Avec la bénédiction et le financement de la Banque Mondiale

Nouveau venu au club des producteurs de pétrole, le Tchad réussit-il son décollage économique au profit du plus grand nombre ? Ce pays enclavé de 1’284’000 km2 (plus de 30 fois la Suisse) s’étend sur 1’700 km du Nord au Sud et sur quelque 1’000 km d’Est en Ouest. Il est en grande partie désertique. Encouragée par les Etats-Unis, la Banque mondiale (BM) croit fermement que le projet des transnationales Esso-Exxon, Chevron et Pétronas permettra de développer le pays. Le président tchadien Idriss Deby accuse déjà le consortium américano-malaisien, qu’il avait pourtant lui-même invité, «d’arnaque», «d’opacité» et de «fraude».
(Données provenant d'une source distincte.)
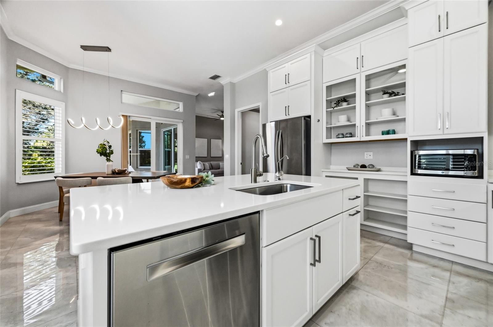 Situated privately in the 55+ community of Cascades of Sarasota, this FULLY REMODELED 3 bedroom plus den residence delivers the Florida lifestyle in an amenity-rich and maintenance-free gated neighborhood within minutes of the treasures of Sarasota’s Suncoast Living. The perfectly proportioned 2,238 square feet one-story plan boasts a re-imagined stylish interior, a multitude of upgrades, a 2025 NEW Tile ROOF, and even all IMPACT WINDOWS, Sliders and Doors. Seamlessly adjacent to the newly-screened lanai is an open great room with volume ceilings, plank tile flooring, crown molding, floor to ceiling impact windows, and an accent wall with built-in fireplace. Meanwhile chefs will delight in the remodeled and beautifully appointed gourmet kitchen with an unexpected and truly oversized custom walk-through pantry, quality wood cabinetry, stainless steel high performance appliances, oversized island with quartz counters, and an inviting dining area all grounded with luxurious Italian porcelain tile. Relax and unwind in the privately situated owner's retreat, offering tray ceiling, wood flooring, two customized walk-in closets, built in desk/vanity area, and a new spa-like bath with dual sink vanity, towel warmer, soaking tub, and invigorating shower with dual shower heads. Overnight visitors will be right at home with two additional guest suites on a separate wing, centered by the remodeled second full bath. Off the great room, the residence also offers an intimate office/den behind double doors with tile flooring and plantation shutters. Other notable highlights of this maintenance-free retreat includes laundry room with new 2025 washer and dryer, landscape lighting, screened front porch, elegant window shutters, all impact windows and doors, 2018 Trane AC with UV Halo Bulb, and a two car garage. Located in Cascades of Sarasota that embodies active living with its newly renovated 25,000-square-foot clubhouse, featuring a heated indoor-outdoor pool, six Har-Tru tennis courts, a state-of-the-art fitness center, and a banquet hall. Engage in a vibrant community with an array of social clubs and activities orchestrated by a full-time social director and tennis pro, with everything from travel clubs and card games, to pottery classes and yoga.

Les 8 millions de Tchadiens gagnent en moyenne 1 franc par jour et leur espérance de vie n’atteint même pas 50 ans. La mortalité infantile y est élevée, l’accès aux services sociaux de base limité et l’alimentation très pauvre, ce qui entraîne chaque année quelque 60’000 décès d’enfants de moins de cinq ans. Environ 85% des recettes directes du pétrole devraient être affectées à des activités prioritaires de réduction de la pauvreté.

Les gains de cette manne, estimés à près de 100 millions de dollars pour 2004, seront-ils affectés comme promis à l’éducation, aux soins de santé, aux infrastructures, à l’agriculture, à l’élevage, à l’approvisionnement en eau et à la protection de l’environnement? Maurice Page, témoin pendant quatre ans des difficultés de vie des Tchadiens, est plutôt sceptique.
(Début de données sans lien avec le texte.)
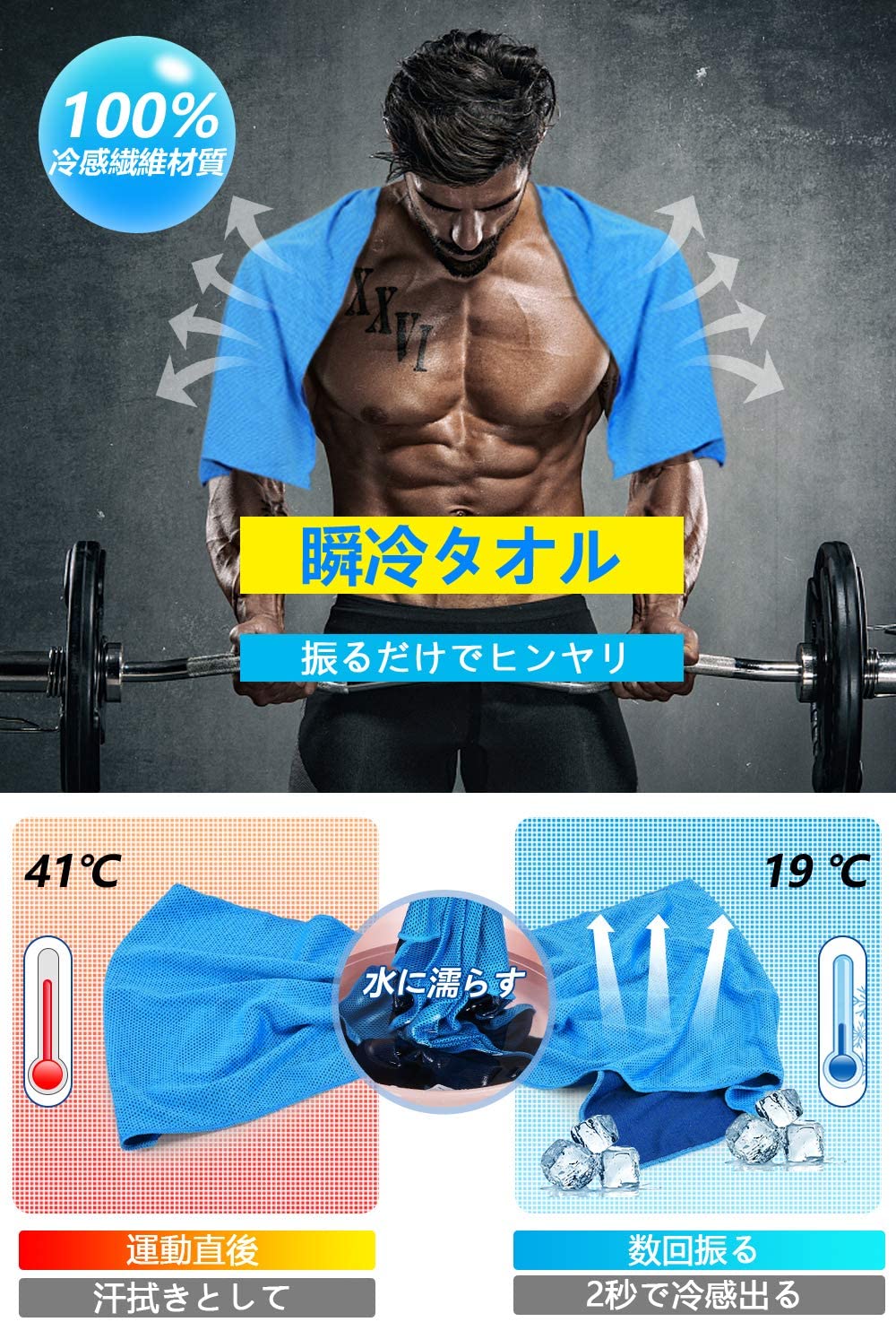 吸水性抜群・スポーツ汗拭き 冷却タオルは普通のタオルと比べ4倍の吸水力を持っています。たっぷり汗をかいても安心。汗拭きクールタオルとして活用して頂き、清涼を感じたい場合は水で濡らして振るだけでその効果を得られます。

Apic: Le pétrole n’est pas directement extrait dans la région de Moundou.

M. Page: Le pétrole est désormais exploité à Doba. Mais on est en train d’effectuer des travaux préparatoires dans une zone plus large, qui va atteindre Moundou, Sahr, et d’autres localités. Dans dix ou quinze ans, c’est tout le Sud du Tchad qui pourrait être concerné, ainsi que la Centrafrique, jusqu’au Soudan. C’est pour cela que l’on a réalisé un pipeline de plus de 1000 km de Doba, au Tchad, au port de Kribi, au Cameroun: ce n’est pas seulement pour Doba. On sait qu’il y a encore pas mal d’autres réserves.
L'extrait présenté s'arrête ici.